For some years now, I have felt that we have been experiencing the over-use phase of vaginal ultrasonography for evaluation of postmenopausal women with vaginal bleeding. When it was first introduced, multiple small series applauded the technique as a major advance that nearly eliminated the need for the more painful procedure of endometrial biopsy. Virtually all of these early articles concluded that all one had to do was to perform a vaginal probe ultrasound examination, and if the endometrial lining was less than "x" in thickness, no further evaluation was necessary. There was, of course, an immediate indication that such a simple management scheme was certainly not appropriate since each article used a different "x." Nonetheless, I frequently see menopausal women who have experienced vaginal bleeding and have had no evaluation other than a vaginal ultrasound examination. An unusually large proportion of these women seems to be from specialists who do not usually perform endometrial biopsy and/or D&C.

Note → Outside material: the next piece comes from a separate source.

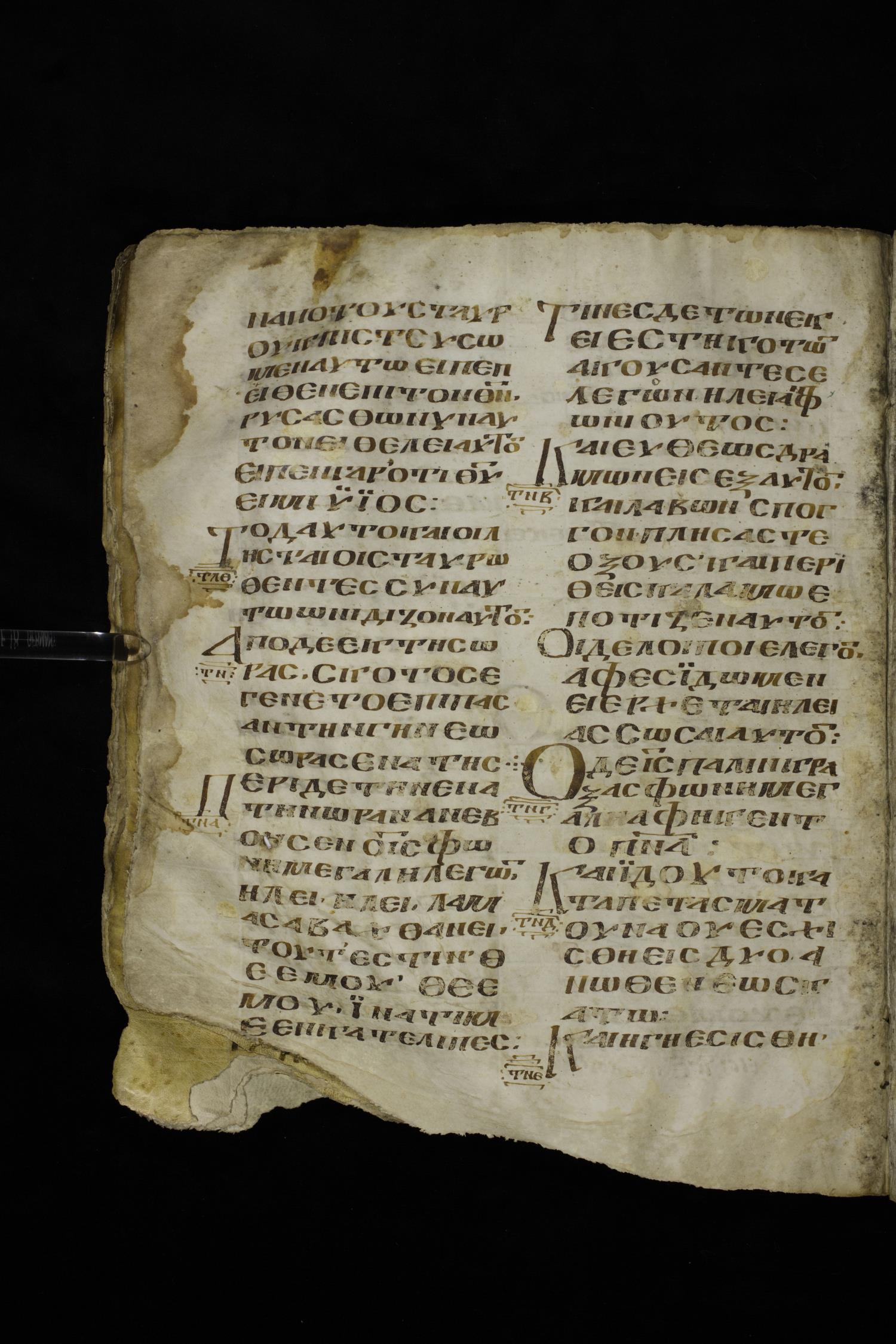 Ninth century majuscule of the Gospels on parchment; 249 leaves, 2 columns, 22-28 lines per column. Images were taken at the National Centre of Manuscripts in the Republic of Georgia.
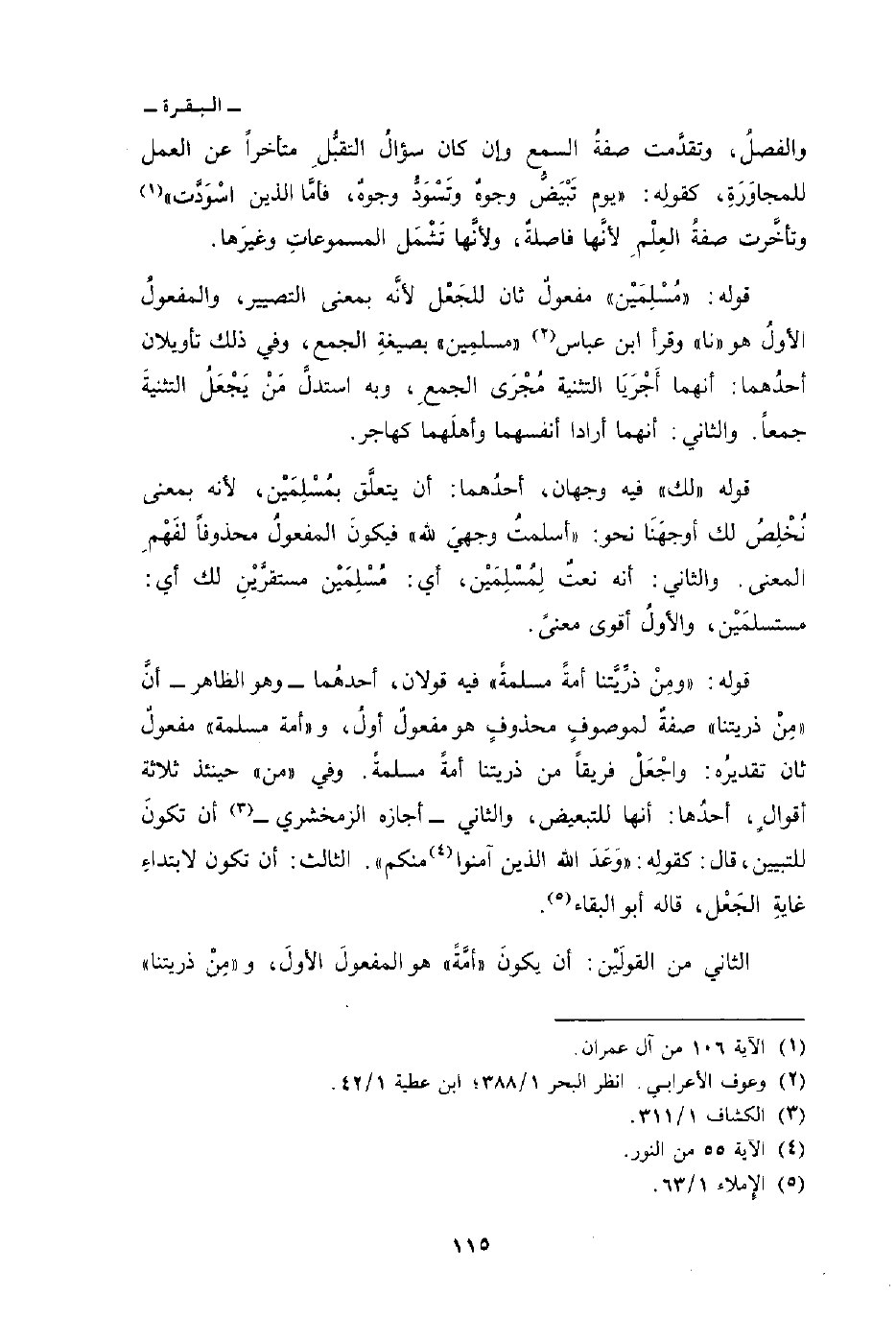 قوله: {وَمِن ذُرِّيَّتِنَآ أُمَّةً مُّسْلِمَةً} فيه قولان، أحدهُما - وهو الظاهر - أنَّ «مِنْ ذريتنا» صفةٌ لموصوفٍ محذوفٍ هو مفعولٌ أولُ، و «أمة مسلمة» مفعولٌ ثان تقديرُه: واجْعَلْ فريقاً من ذريتنا أمةً مسلمةً. وفي «من» حينئذ ثلاثة أقوالٍ، أحدُها: أنها للتبعيض، والثاني - أجازه الزمخشري - أن تكونَ لتبيين، قال: كقولِه: {وَعَدَ الله الذين آمَنُواْ مِنْكُمْ} [النور: 55] . الثالث: أن تكون لابتداءِ غايةِ الجَعْل، قاله أبو البقاء.

This article by Tabor et al demonstrates clearly that it is impossible to detect every case of endometrial cancer by use of vaginal sonography. That should come as no surprise since virtually any test will fail occasionally. However, they found that unless at least half of all women who have endometrial thickness scanning are referred for D&C, the failure-to-detect rate is very high. In addition, they found (and I personally believe this is the most important information in the article) that there is no such thing as an "average" endometrial thickness above or below which it is possible to recommend referral for sampling. Rather, each institution must develop its own normal/abnormal thickness. Of course, almost no institution has done this, but rather relies on some isolated article that provided such information. That this is a mistake is clearly shown by Tabor et al. Any article an institution chooses is inappropriate for its population, as scans are read differently at the institution where the article was written and the institution that is using the printed material.
The bottom line is that it is not entirely safe to rely on endometrial thickness for evaluation of postmenopausal bleeding. Of course, we can all recite cases where it is absolutely critical to do so. Occasionally, a woman will be in such poor medical health that even an endometrial biopsy is inadvisable, or perhaps the cervix is entirely scarred and it is not possible to sample the endometrial lining. In such cases, if the lining is extremely thin the clinician can be somewhat reassured. Nonetheless, whenever it is possible to obtain a histologic sample from a postmenopausal woman who is bleeding, that is still the standard of care.
Dr. Noller is Professor and Chairman, Department of OB/GYN, Tufts University School of Medicine, Boston, Massachusetts.